* Records provided *
________________________
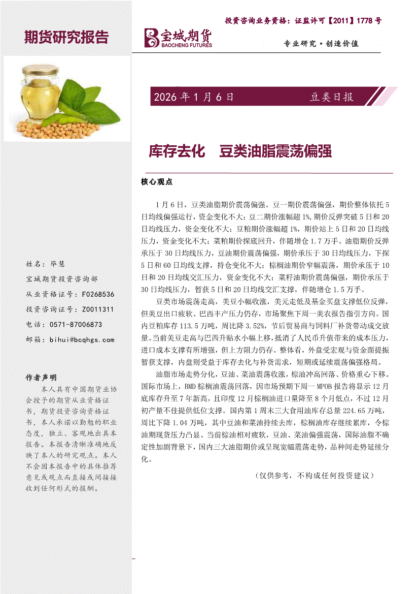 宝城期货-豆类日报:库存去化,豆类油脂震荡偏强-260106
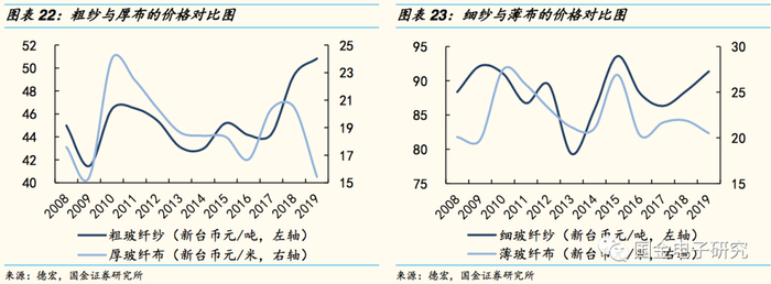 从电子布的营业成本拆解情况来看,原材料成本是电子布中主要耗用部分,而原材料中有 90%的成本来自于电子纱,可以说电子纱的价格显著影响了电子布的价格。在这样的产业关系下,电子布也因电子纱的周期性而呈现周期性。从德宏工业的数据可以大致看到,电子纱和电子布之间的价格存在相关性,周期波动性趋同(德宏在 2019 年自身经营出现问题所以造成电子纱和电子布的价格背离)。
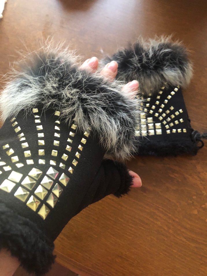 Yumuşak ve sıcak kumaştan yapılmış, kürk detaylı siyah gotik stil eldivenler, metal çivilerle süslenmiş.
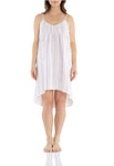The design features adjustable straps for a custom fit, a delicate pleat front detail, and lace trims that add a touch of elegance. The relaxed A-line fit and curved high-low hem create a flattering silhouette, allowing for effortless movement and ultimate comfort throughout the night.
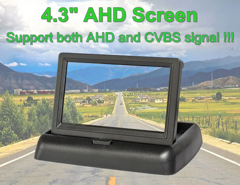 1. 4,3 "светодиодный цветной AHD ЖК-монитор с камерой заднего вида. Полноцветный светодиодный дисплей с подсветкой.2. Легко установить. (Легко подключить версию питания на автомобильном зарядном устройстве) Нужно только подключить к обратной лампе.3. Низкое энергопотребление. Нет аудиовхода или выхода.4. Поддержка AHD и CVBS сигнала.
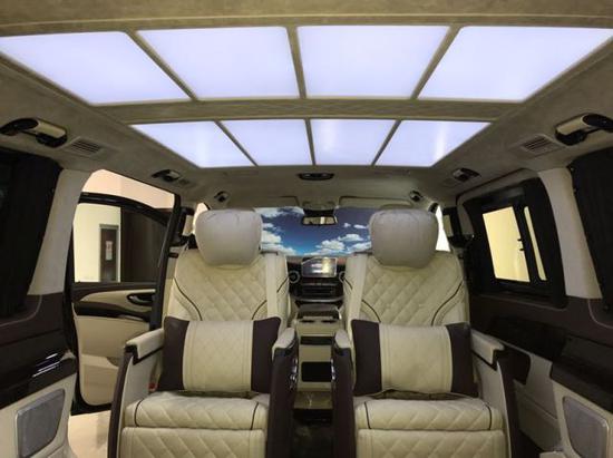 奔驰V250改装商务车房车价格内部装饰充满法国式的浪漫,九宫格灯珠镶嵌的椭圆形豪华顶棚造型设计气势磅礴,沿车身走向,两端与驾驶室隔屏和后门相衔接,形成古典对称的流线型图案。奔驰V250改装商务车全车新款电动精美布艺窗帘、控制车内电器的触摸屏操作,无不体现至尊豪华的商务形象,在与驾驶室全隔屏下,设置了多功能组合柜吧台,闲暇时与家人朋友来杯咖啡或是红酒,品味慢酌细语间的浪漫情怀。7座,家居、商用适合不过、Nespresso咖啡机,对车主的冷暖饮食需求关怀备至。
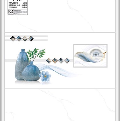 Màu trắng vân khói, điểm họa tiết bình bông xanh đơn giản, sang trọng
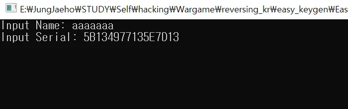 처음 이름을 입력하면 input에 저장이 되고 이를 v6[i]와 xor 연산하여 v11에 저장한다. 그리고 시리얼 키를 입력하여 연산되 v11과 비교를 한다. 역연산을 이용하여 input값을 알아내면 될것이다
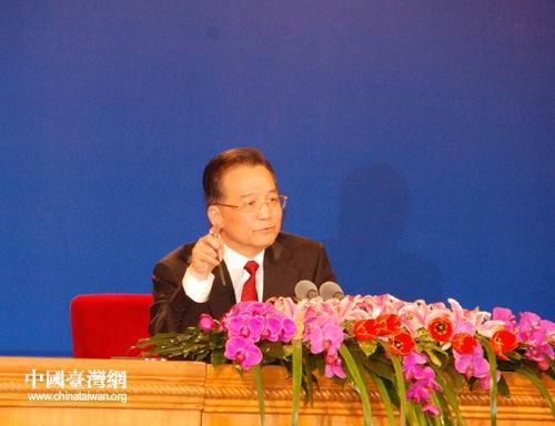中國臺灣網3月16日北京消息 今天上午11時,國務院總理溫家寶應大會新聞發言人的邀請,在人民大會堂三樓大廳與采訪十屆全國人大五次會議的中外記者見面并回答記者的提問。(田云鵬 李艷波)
________________________
* What is being asked *
Restate each line above exactly, keeping pictures out.

* Task response *
 宝城期货-豆类日报:库存去化,豆类油脂震荡偏强-260106
 从电子布的营业成本拆解情况来看,原材料成本是电子布中主要耗用部分,而原材料中有 90%的成本来自于电子纱,可以说电子纱的价格显著影响了电子布的价格。在这样的产业关系下,电子布也因电子纱的周期性而呈现周期性。从德宏工业的数据可以大致看到,电子纱和电子布之间的价格存在相关性,周期波动性趋同(德宏在 2019 年自身经营出现问题所以造成电子纱和电子布的价格背离)。
 Yumuşak ve sıcak kumaştan yapılmış, kürk detaylı siyah gotik stil eldivenler, metal çivilerle süslenmiş.
The design features adjustable straps for a custom fit, a delicate pleat front detail, and lace trims that add a touch of elegance. The relaxed A-line fit and curved high-low hem create a flattering silhouette, allowing for effortless movement and ultimate comfort throughout the night.
 1. 4,3 "светодиодный цветной AHD ЖК-монитор с камерой заднего вида. Полноцветный светодиодный дисплей с подсветкой.2. Легко установить. (Легко подключить версию питания на автомобильном зарядном устройстве) Нужно только подключить к обратной лампе.3. Низкое энергопотребление. Нет аудиовхода или выхода.4. Поддержка AHD и CVBS сигнала.
 奔驰V250改装商务车房车价格内部装饰充满法国式的浪漫,九宫格灯珠镶嵌的椭圆形豪华顶棚造型设计气势磅礴,沿车身走向,两端与驾驶室隔屏和后门相衔接,形成古典对称的流线型图案。奔驰V250改装商务车全车新款电动精美布艺窗帘、控制车内电器的触摸屏操作,无不体现至尊豪华的商务形象,在与驾驶室全隔屏下,设置了多功能组合柜吧台,闲暇时与家人朋友来杯咖啡或是红酒,品味慢酌细语间的浪漫情怀。7座,家居、商用适合不过、Nespresso咖啡机,对车主的冷暖饮食需求关怀备至。
 Màu trắng vân khói, điểm họa tiết bình bông xanh đơn giản, sang trọng
 처음 이름을 입력하면 input에 저장이 되고 이를 v6[i]와 xor 연산하여 v11에 저장한다. 그리고 시리얼 키를 입력하여 연산되 v11과 비교를 한다. 역연산을 이용하여 input값을 알아내면 될것이다
中國臺灣網3月16日北京消息 今天上午11時,國務院總理溫家寶應大會新聞發言人的邀請,在人民大會堂三樓大廳與采訪十屆全國人大五次會議的中外記者見面并回答記者的提問。(田云鵬 李艷波)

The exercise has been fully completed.